This is where my two sermons for today converge. First I asked, “Why are we here? Why bother going to church?” Then I retold the story of the Gospel. The two sermons are one sermon, because the why bother question is exactly what plagued the two disciples as they slipped out of Jerusalem. Why bother gathering with fellow Christ followers anymore. What was the point. It seemed like time to get back to all those other demands pressing for their time. 

Then Jesus came to round up his stray sheep. He came to the two disciples through the scripture he expounded on the road, and through the breaking of bread at the home in Emmaus. Scripture and Bread. Word and Sacrament. That is our exact pattern for worship this morning. We gather to hear the word of God in our scripture readings, in the songs we sing (which are scriptural as well) and hopefully through the words of this sermon. Next, we will move to the table and on behalf of our risen Lord, I will take, bless, break and give the bread—the bread that is Christ’s presence among us.

This is no new idea. The church has seen this pattern of word and sacrament in the Emmaus story from its earliest days. Not only that, but the church relived the Emmaus Road experience every time they gathered for worship.

Why we are here this morning is to encounter the risen Jesus in scripture and bread, in Word and Sacrament, in a way that we can’t capture without gathering for communal worship. We need each other for this and we need this to make sense of our lives. Coming to church is not something we do to check God off our To-Do List for the week. We come to church for that communal experience of worship. The chance to gather with fellow sinners in need of a healing word and touch from God. We come to get a taste of that Emmaus Road experience of the risen Jesus.

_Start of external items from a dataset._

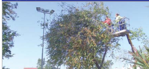
Con ayuda de una plataforma los operarios podan los árboles.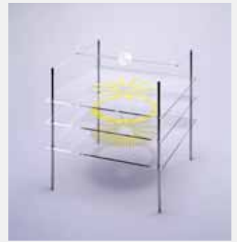
瀧口修造、岡崎和郎《検眼圖》1977年 千葉市美術館蔵

が記されています。また荒川修作のニューヨークでの展覧会を見るようにデュシャンに薦めたり、南画廊でオブジェの展覧会を開く計画や、「語録」の非売エディション10部を誰に贈るかの相談なども興味深い記述です。雑誌等に書かれた文章に見られる控え目な語り口とは異なり、デュシャンへの手紙では、瀧口は意外なほど積極的に自らの要望を伝えています。これらの書簡と下書きは、「瀧口修造＝マルセル・デュシャン書簡資料集」として本展覧会の図録に収められています。関心をお持ちのかたはぜひご一読ください。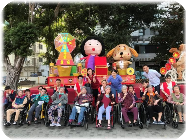
護理之家住民愛河畔元宵節賞花燈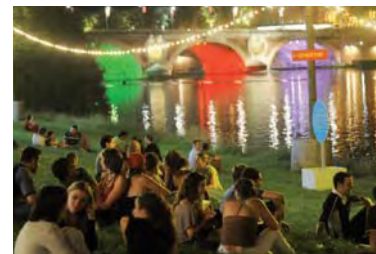
Festival Rio Loco : éclairage économe en énergie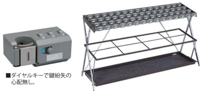
■ダイヤルキーで鍵紛失の心配無し。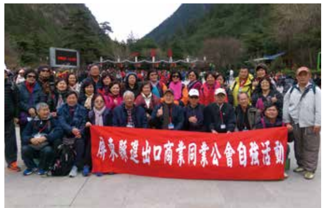
◆ 以秀美風景為背景合影留念。

晨喚早餐後驅車往牟尼溝風景區遊覽，牟尼溝風景區位於松潘縣西南牟尼鄉境內。占地面積160平方公里，最低海拔2800米，最高海拔4070米，年平均氣溫約4度。景區內山、林、洞、海等相應成輝，林木遍野，大小海子可與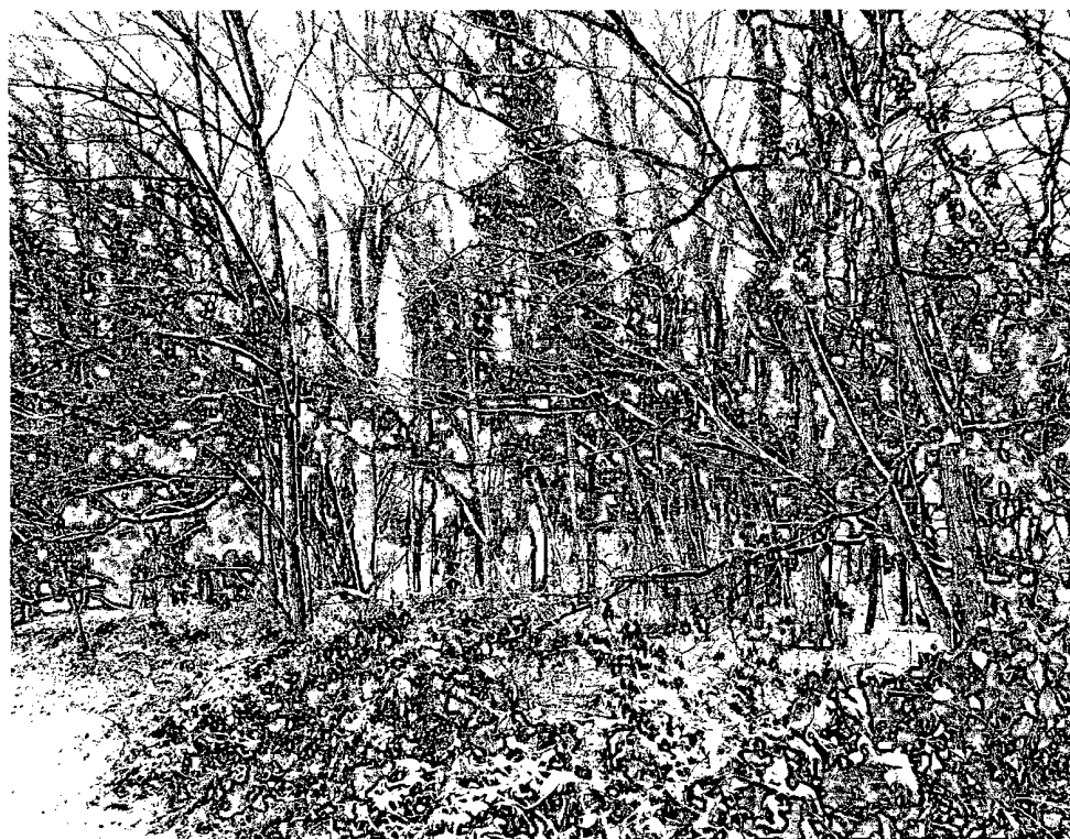
Slika 2: k.o. Križevci, parc, št. 7136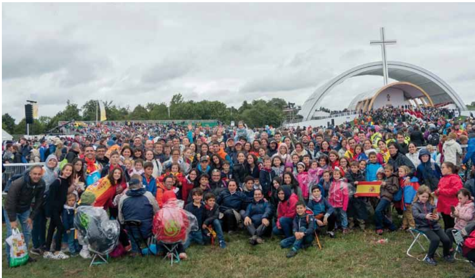
Cerca de 300 participantes de nuestra archidiócesis, acompañados del Sr. Arzobispo, asistieron al Encuentro en Dublín.

Sesenta familias de nuestra archidiócesis y once sacerdotes, acompañados por el Sr. Arzobispo, participaron en el Encuentro Mundial de las Familias celebrado en Irlanda. En él, la archidiócesis de Toledo, a través de la Delegación de Familia y Vida, ha tenido un papel relevante en los actos del Congreso.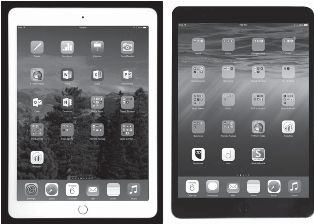
Abbildung 1.1: Das iPad Air (links) und das iPad Mini (rechts) repräsentieren die beiden grundsätzlichen Größen, in denen Apple seine Tablets anbietet.

Wenn Sie häufig reisen und das iPad auf den Flügen zum Schauen von Filmen nutzen wollen, sollten Sie sich beim Kauf des iPads so viel internen Speicher besorgen, wie Sie sich leisten können, da Sie später nichts mehr an der Speicherkonfiguration ändern können. 16 GB sind sicherlich ausreichend, wenn Sie das iPad nur für berufliche Apps, das Lesen von E-Books und das Surfen im Internet nutzen. Wenn Sie aber Ihre Musiksammlung auf dem iPad speichern wollen und eine solide Sammlung von Videos, dann sollten Sie lieber 64 GB nehmen. Wenn Sie Verkäufer sind oder Produkt-Manager, der eine große Anzahl von Präsentationen macht, nehmen Sie mindestens 32 GB – und mehr, wenn Sie es auch als Unterhaltungsgerät nutzen wollen.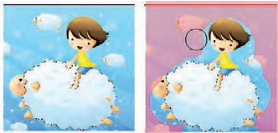
شکل ۴-۲۳ افزایش و کاهش ناحیه انتخاب با استفاده از Quick Mask

۵. تغییرات مورد نظران را بر روی تصویر بدهید. تغییرات تنها در ناحیه انتخاب شده اعمال می‌شود. ۶. گزینه Select | Deselect را برای خارج کردن ناحیه انتخاب شده از حالت انتخاب، کلیک کنید یا این که ناحیه انتخاب شده را ذخیره کنید.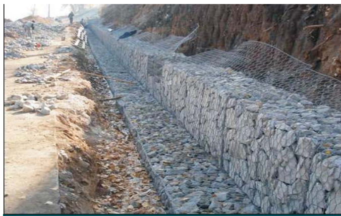
В начале строительства

Строители частного объекта расположенного на берегу реки Волга в Самарской области столкнулись с проблемой поиска эффективного решения по обеспечению общей устойчивости откоса и защите склона от поверхностной и эрозии. Более 200 м склоновой части, сложенной слабыми грунтами принимали на себя воздействия ежегодного снеготаяния, выпадение осадков. В результате возведения на склоне частного владения, в силу появившихся внешних нагрузок эрозионные процессы сильно возросли, а сам склон нуждался в серьезном укреплении. Решение по защите должно было быть одновременно эффективным, экологически безопасным, а также дать возможность владельцам иметь использовать прибрежную зону и береговую линию в целях рекреации.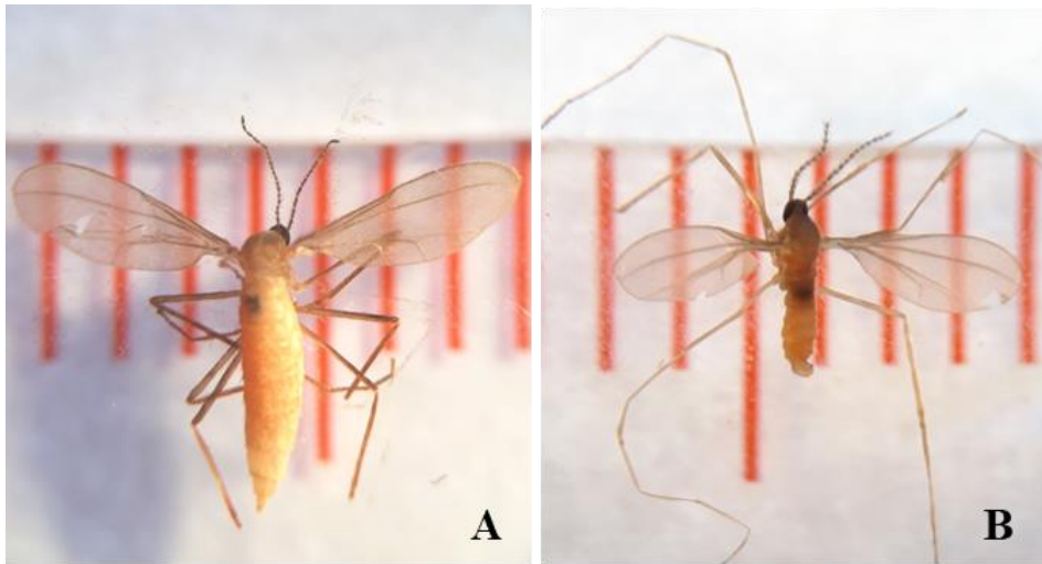
Hình 1. Thành trùng sâu năn cái (A) và đực (B)

- Thành trùng sâu năn hay còn được gọi là muỗi hành ở các địa phương vùng đồng bằng sông Cửu Long có thể được nhận biết qua một số đặc điểm hình thái cơ bản như mô tả ở Hình 1. Thành trùng sâu năn cái có chiều dài thân 3,8 - 5,5 mm, sải cánh rộng 7,1 - 8,6 mm, phần bụng có màu đỏ da cam và căng phình ra. Thành trùng đực có kích thước cơ thể nhỏ hơn thành trùng cái với chiều dài thân 2,1 - 3,4 mm, sải cánh rộng 6,0 - 7,9 mm, hình dạng tương tự như trưởng thành cái, phần bụng thường có màu vàng nâu và thon.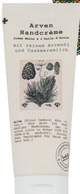
Arven-Handcrème Mit reinem Arvenöl und Cashmeremilch, 75 ml, Somea/CHF 16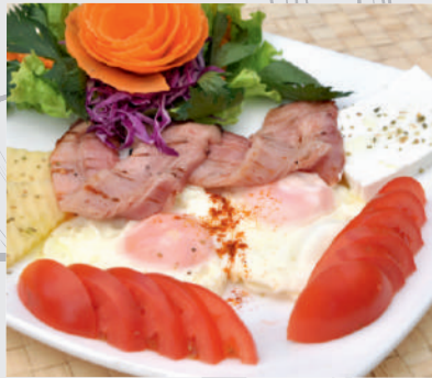
18. Mic dejun MOTOR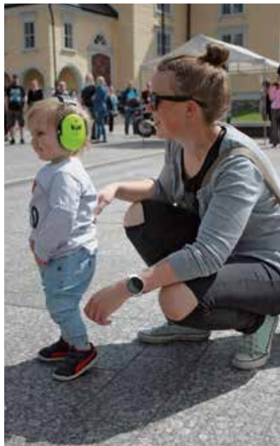
Yleisöä nuorimmasta päästä.

aikaan aloin itse soittaa kitaraa määrätietoisemmin.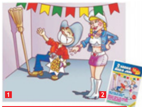
Ilustração 3° Arraiá Bar Maria João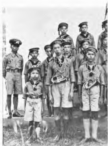
Siam. - Gioventù Thai nella d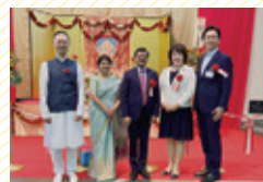
日印国交樹立 70周年記念 インドフェア (神戸市) 8/11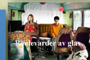
Boulevarder av glas

We may worship God any way we choose all week long. We pray privately, perhaps randomly. We read the Bible and other Christian books occasionally, or maybe even religiously. But we bother to gather here on Sunday in order that we may walk together down that Road to Emmaus. We come to walk this road, because we know that Jesus walks it too. And as we gather in this place, Jesus comes alongside and in spite of the words of the preacher, he manages to whisper in our ear those words we long to here, “I am with you” and “I love you.” Jesus walks along this road with us, he is made known to us in word and sacrament and then the same things happens to us as to those first two travelers on the Road to Emmaus. We are charged with going out into a world that has yet to experience the risen Jesus to let them know that this experience is real. He is risen.

As tempting as Box Springs Baptist, Mattress Methodist, Pillow Presbyterian and even the Church of the Holy Comforter are, they are no competition for an experience of the risen Jesus.

Haven’t felt God's presence yet? Stick around. God is here. Open up your heart. Give him a chance and God will let you know and feel his presence too. 

For Alleluia, Christ is risen!
The Lord is risen indeed, Alleluia!
 

Amen.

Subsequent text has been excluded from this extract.